Description of problem: On a RHEL 5.6 8G FC host, we occasionally see adapter firmware dumps during IO as seen by the following entry in the messages file: kernel: qla2xxx 0000:1a:00.1: Firmware dump saved to temp buffer (5/ffffc200101e4000 Version-Release number of selected component (if applicable): RHEL 5.6 (2.6.18-238.el5) host using a QLE2562 8G FC adapter with inbox qla2xxx driver v8.03.01.05.05.06-k & fw v5.03.02 How reproducible: Occasionally
Created attachment 476360 [details] Firmware dump
Created attachment 476362 [details] /var/log/messages
We analyzed the firmware dump and found that it was caused by a CT passthrough command (not sure the origin) that timed out. The only other reason the driver would automatically take a firmware dump is if the ASIC was paused when servicing an interrupt however that condition is not present in the firmware dump provided but there was a CT passthrough command waiting for resources (which would have caused the timeout). We really shouldn't be doing a firmware dump here so the resolution will be to simply remove it. This will be part of the patchset we provide for RHEL 5.7 in Bug 660386.
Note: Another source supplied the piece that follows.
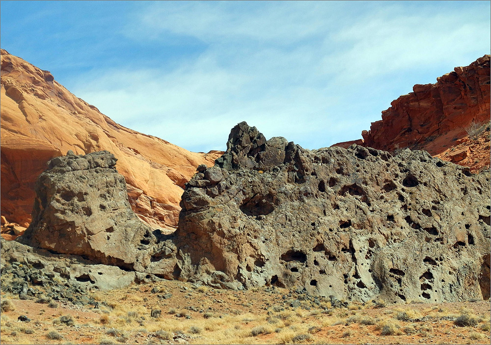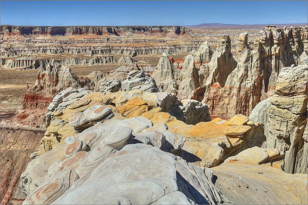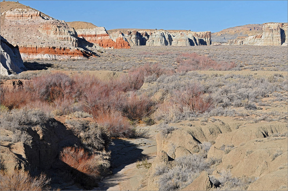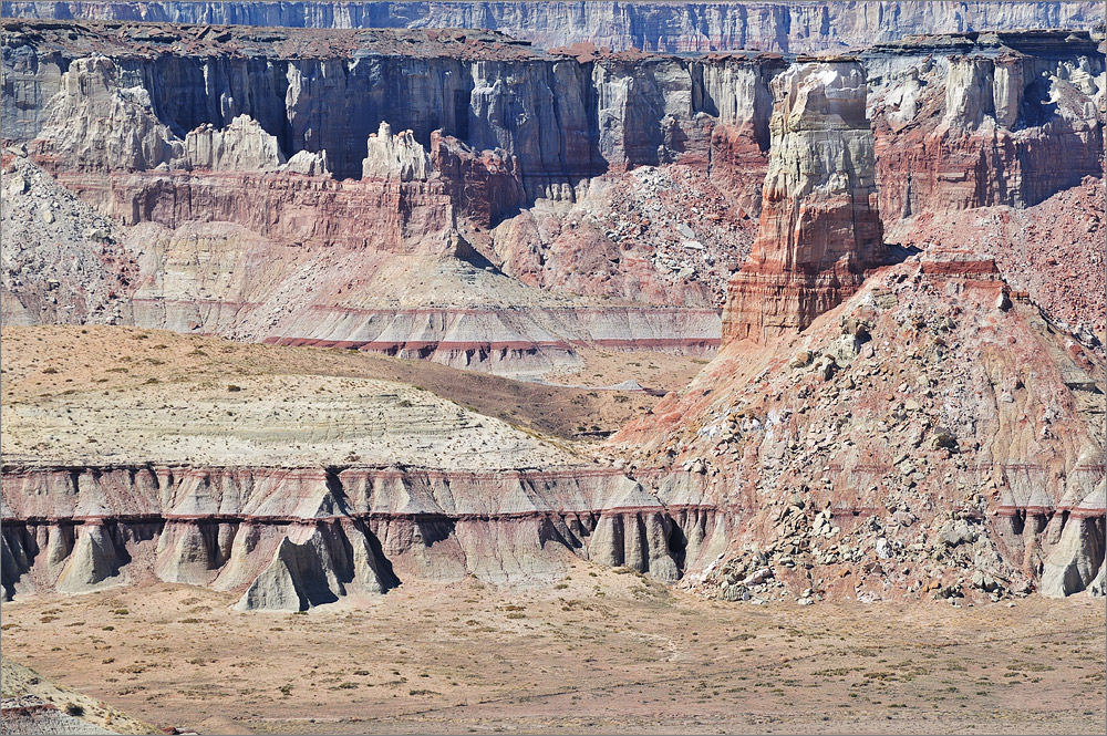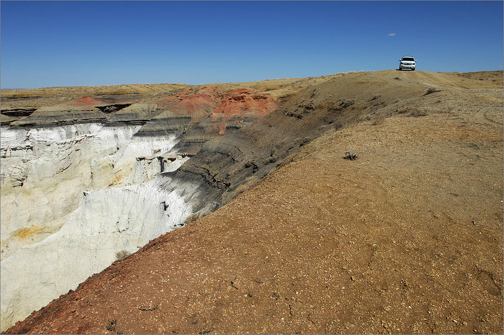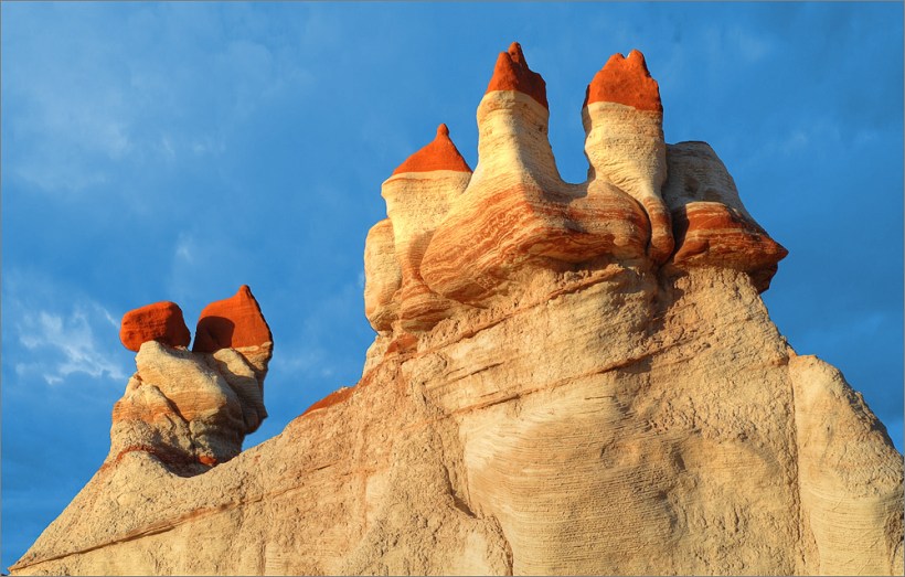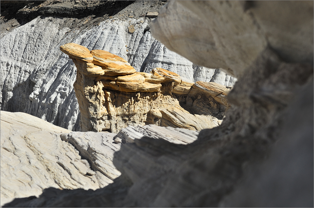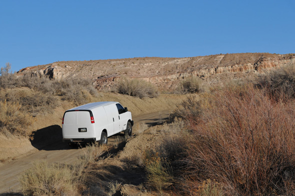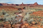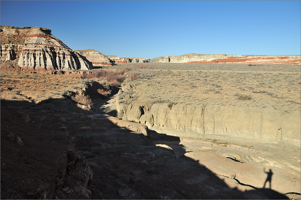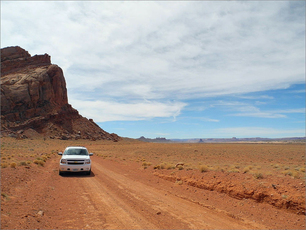 Wieder am Auto geht es noch einmal zum Blue Canyon, obwohl ich gestern schon dort war. Das Areal ist faszinierend und ich möchte es noch ein wenig erkunden. Als ich fast bei den „Five Padres“ bin biege ich aber nach links ab und fahre in Richtung Norden. Das macht Spaß und es gibt viel zu sehen. Irgendwann bin ich am Wegpunkt BC3 – den habe ich noch aus dem Jahr 2009. Wolfgang hat mir damals eine tolle Mail mit vielen Wegpunkten zugeschickt. Am BC3 hat man einen wirklich tollen Überblick auf weite Teile dieses tollen Gebietes. Inzwischen ist es fast 16h und das Licht wird langsam „fotogener“. Ich wende und fahre langsam zurück. Bei einem Zwischenstopp kommt dann eine ältere Indianerin in einem weißen Allrad-Van vorbei. Das einzige Auto das ich hier den gesamten Tag über sehen werde!

(In reply to comment #3) > > We really shouldn't be doing a firmware dump here so the resolution will be to > simply remove it. This will be part of the patchset we provide for RHEL 5.7 in > Bug 660386. So could we please have this patch included in 5.6.z as well? That would be really helpful to us.
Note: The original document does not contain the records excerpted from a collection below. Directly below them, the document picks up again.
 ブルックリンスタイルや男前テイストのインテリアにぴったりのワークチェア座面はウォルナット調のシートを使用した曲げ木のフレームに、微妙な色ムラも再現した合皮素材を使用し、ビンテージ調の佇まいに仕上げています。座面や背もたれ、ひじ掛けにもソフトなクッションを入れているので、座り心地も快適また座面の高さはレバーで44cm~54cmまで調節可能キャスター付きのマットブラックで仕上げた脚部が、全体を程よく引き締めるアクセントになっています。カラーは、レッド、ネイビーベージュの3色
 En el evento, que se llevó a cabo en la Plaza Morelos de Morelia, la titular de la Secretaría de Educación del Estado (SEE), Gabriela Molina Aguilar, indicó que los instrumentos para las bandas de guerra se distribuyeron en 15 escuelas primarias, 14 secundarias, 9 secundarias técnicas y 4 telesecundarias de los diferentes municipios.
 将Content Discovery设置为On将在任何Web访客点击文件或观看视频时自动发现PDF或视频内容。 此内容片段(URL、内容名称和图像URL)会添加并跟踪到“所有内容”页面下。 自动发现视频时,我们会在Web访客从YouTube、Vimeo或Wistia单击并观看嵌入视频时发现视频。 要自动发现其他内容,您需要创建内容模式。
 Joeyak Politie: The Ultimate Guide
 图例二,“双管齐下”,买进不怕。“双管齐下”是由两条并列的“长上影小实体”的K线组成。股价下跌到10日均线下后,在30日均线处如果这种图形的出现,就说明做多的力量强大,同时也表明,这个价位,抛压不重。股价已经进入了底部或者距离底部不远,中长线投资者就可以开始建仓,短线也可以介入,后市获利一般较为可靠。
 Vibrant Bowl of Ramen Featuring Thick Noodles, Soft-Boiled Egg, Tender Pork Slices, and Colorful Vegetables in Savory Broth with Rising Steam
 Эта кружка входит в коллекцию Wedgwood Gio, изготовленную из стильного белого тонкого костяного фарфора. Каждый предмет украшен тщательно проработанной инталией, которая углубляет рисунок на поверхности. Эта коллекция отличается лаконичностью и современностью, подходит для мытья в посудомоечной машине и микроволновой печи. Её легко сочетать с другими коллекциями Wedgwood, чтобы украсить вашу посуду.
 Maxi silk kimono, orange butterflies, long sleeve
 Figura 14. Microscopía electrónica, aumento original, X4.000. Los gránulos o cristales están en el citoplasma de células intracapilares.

Martin indicates that this fw dump message is accompanied by error recovery steps like aborts & device resets (as seen in the /var/log/messages) which actually reflect as IO disruptions/delays on the host. As we know, these error recovery paths often lead to even more serious problems. This, plus the fact that the fix is very simple, is why the fix is proposed for the z-stream.
This request was evaluated by Red Hat Product Management for inclusion in a Red Hat Enterprise Linux maintenance release. Product Management has requested further review of this request by Red Hat Engineering, for potential inclusion in a Red Hat Enterprise Linux Update release for currently deployed products. This request is not yet committed for inclusion in an Update release.
This will be fixed when we (qlogic) do our RHEL 5.7 shortly. Specifically the fix that will need to be backported: diff --git a/drivers/scsi/qla2xxx/qla_attr.c b/drivers/scsi/qla2xxx/qla_attr.c index 91c8d25..f91fde5 100644 --- a/drivers/scsi/qla2xxx/qla_attr.c +++ b/drivers/scsi/qla2xxx/qla_attr.c @@ -622,13 +622,6 @@ qla2x00_wait_for_passthru_completion(struct scsi_qla_host *ha) timeout)) { DEBUG2(qla_printk(KERN_WARNING, ha, "Passthru request timed out.\n")); - if (IS_QLA82XX(ha)) { - set_bit(FCOE_CTX_RESET_NEEDED, &ha->dpc_flags); - } else { - ha->isp_ops->fw_dump(ha, 0); - set_bit(ISP_ABORT_NEEDED, &ha->dpc_flags); - } - qla2xxx_wake_dpc(ha); ha->pass_thru_cmd_result = 0; ha->pass_thru_cmd_in_process = 0; } Once the 5.6.z bugzilla is opened, I'll be able to provide a back ported point fix.
Created attachment 483557 [details] 0001-qla2xxx-Do-not-perform-reset-fw-dump-if-CT-ELS-passt.patch RHEL 5.6.z backport of "qla2xxx: Do not perform reset/fw-dump if CT/ELS passthru requests timeout.".
The RHEL 5.7 version of this patch was posted as part of the patch set from Bug 660386. The RHEL 5.6.z backport was posted on 3/11/2011 as the following patch: qla2xxx: Do not perform reset/fw-dump if CT/ELS passthru requests timeout.
What's the update on this? Is this being queued for 5.6.z?
(In reply to comment #12) > What's the update on this? Is this being queued for 5.6.z? Yes but looks like it will be in build 4.
This change is already in 5.7 (c. 2.6.18-248.el5) by way of bug 660386, going to simply move this bug to MODIFIED.
*** This bug has been marked as a duplicate of bug 660386 ***
Technical note added. If any revisions are required, please edit the "Technical Notes" field accordingly. All revisions will be proofread by the Engineering Content Services team. New Contents: Prior to this update, if a CT/ELS pass-through command timed out, the QLogic 8Gb Fibre Channel adapter created a firmware dump. With this update, firmware dumps are no longer created when CT/ELS pass-through requests time out as a firmware dump is not necessary in this case.